_WHAT YOU ARE ASKED TO DO_. The answer is to be the lines below that lie between the line holding "NATURAL RED GARNET" and the line holding "Bolivia recibe un", inclusive, transcribed exactly and free of pictures.

_SOURCE DATA_.
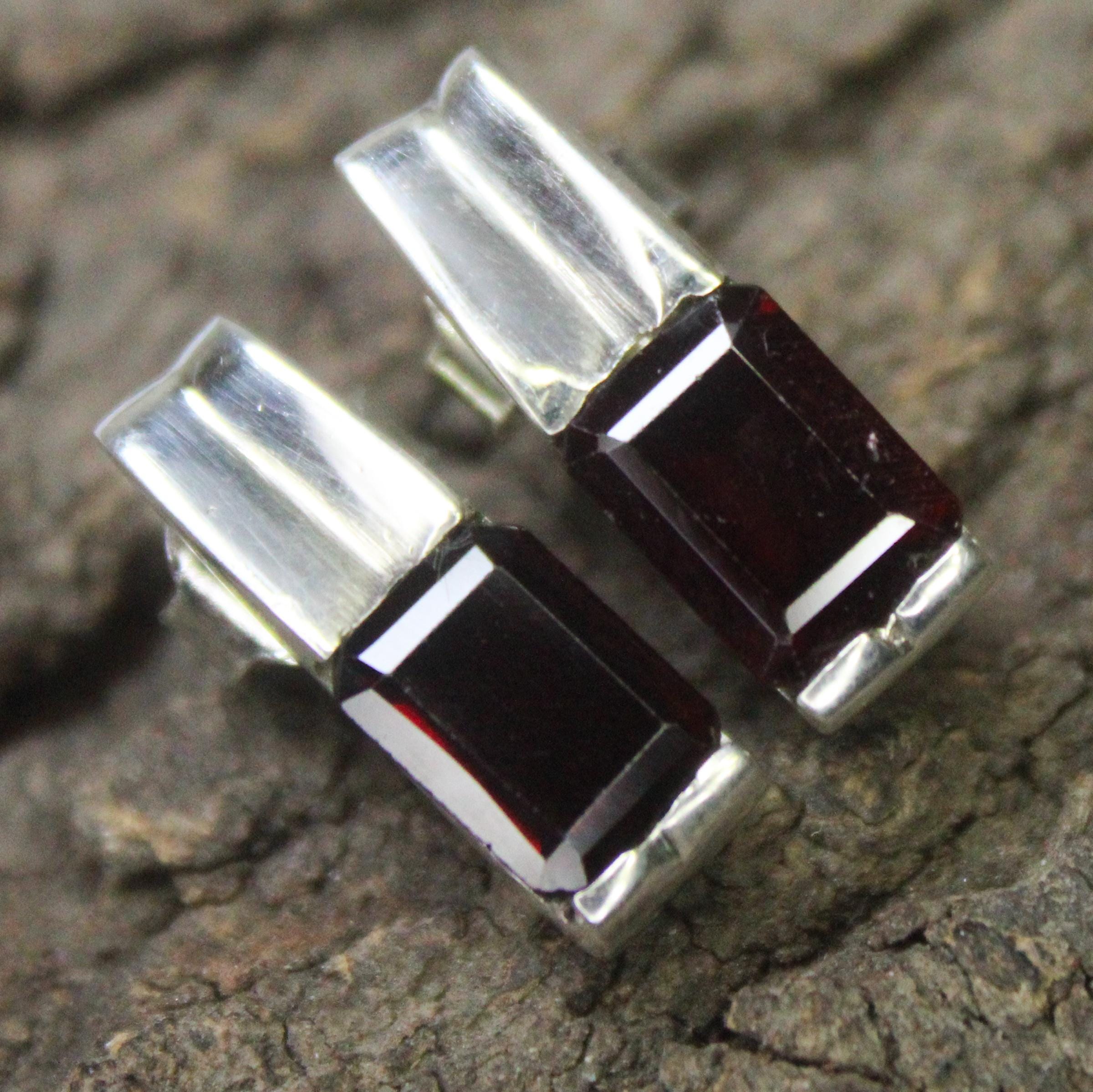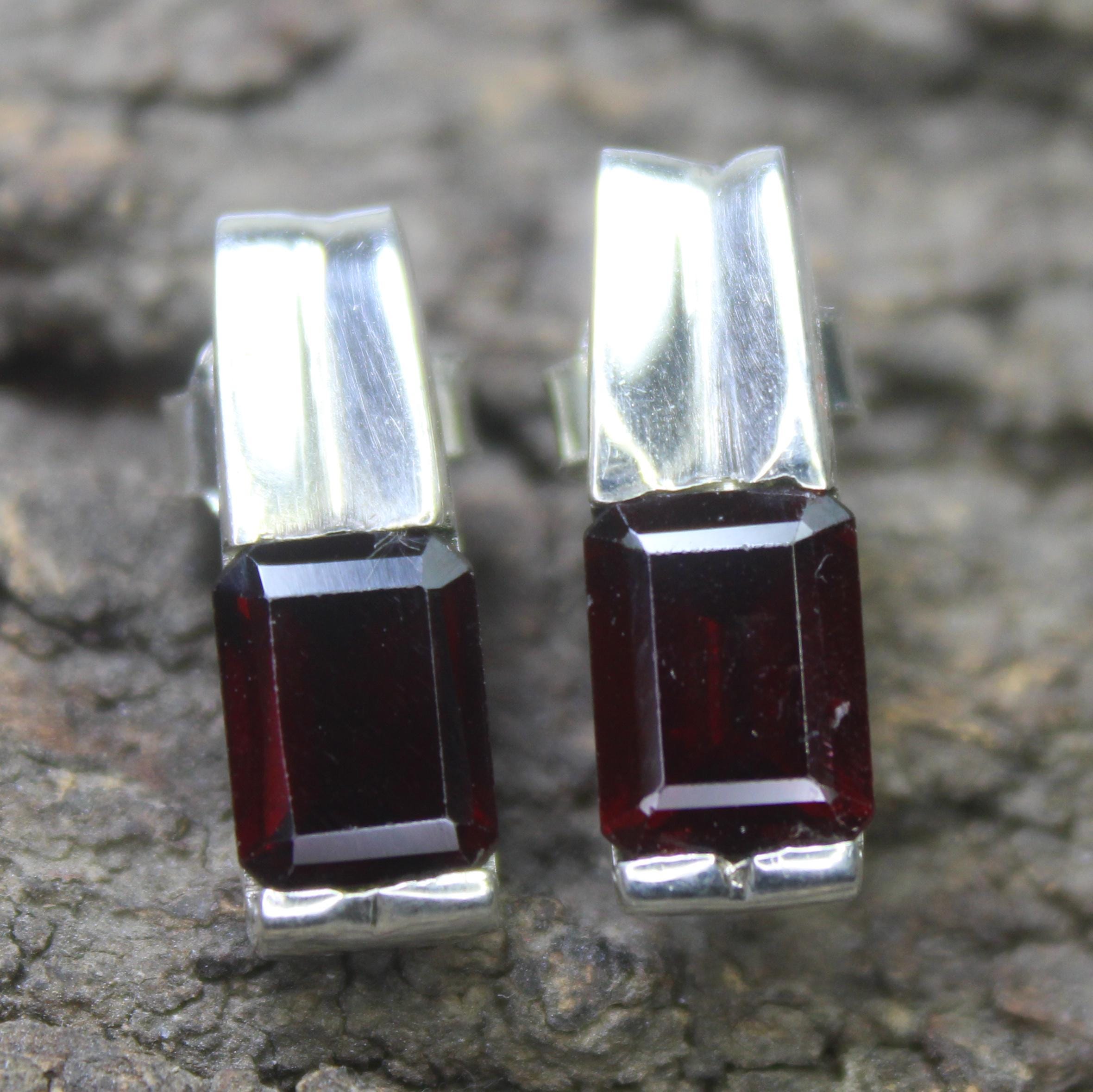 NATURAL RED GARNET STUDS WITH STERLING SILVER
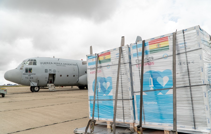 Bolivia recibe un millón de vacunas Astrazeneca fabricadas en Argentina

...

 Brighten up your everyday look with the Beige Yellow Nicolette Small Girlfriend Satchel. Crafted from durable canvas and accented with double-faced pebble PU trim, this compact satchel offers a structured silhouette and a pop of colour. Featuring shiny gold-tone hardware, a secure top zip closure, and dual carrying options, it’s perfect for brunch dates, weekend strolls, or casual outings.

---

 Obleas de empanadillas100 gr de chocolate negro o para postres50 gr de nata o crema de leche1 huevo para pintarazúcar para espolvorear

_FINAL ANSWER_.
 NATURAL RED GARNET STUDS WITH STERLING SILVER
 Bolivia recibe un millón de vacunas Astrazeneca fabricadas en Argentina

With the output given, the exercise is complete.